After years of rapid growth, the U.S. now has enough solar to power one in 11 homes, according to the report. Still, Environment America notes that cities could generate "hundreds of times more solar power than they do today." Encouraging installations on large buildings and stand-alone utility-scale installations, the group said, could help further tap cities’ full potential.
The report reinforces the widespread adoption of solar — even in cities not especially known for their sunny weather like Indianapolis, Boston and Portland, OR. That geographic diversity has been mirrored in other solar efforts.

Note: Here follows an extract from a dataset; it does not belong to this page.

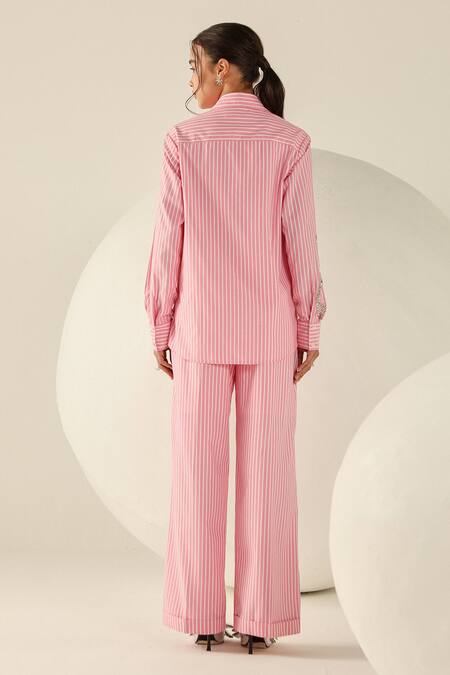 Pink-and-white striped co-ord set featuring a structured button-up shirt. Paired with tailored straight-leg trousers with silver embellishments.

A letter publicly released in November saw 216 mayors from all 50 states call for policies to boost solar use, especially at the local level.
"Cities and towns are natural centers of electricity demand, have the rooftops and infrastructure needed for installing solar panels, and can craft policies to help residents and utilities make the switch to solar power," the mayors wrote.
For the first time, Environment America also tracked growth in solar over the past six years, illustrating the effect of dedicated investment and policy. The Shining Cities report recommends that cities set solar adoption goals, implement policies to allow homeowners to generate solar on their property and offer third-party financing options to lower the up-front cost.
Despite headwinds from the federal government, many cities have made renewable energy a centerpiece of their climate change plans.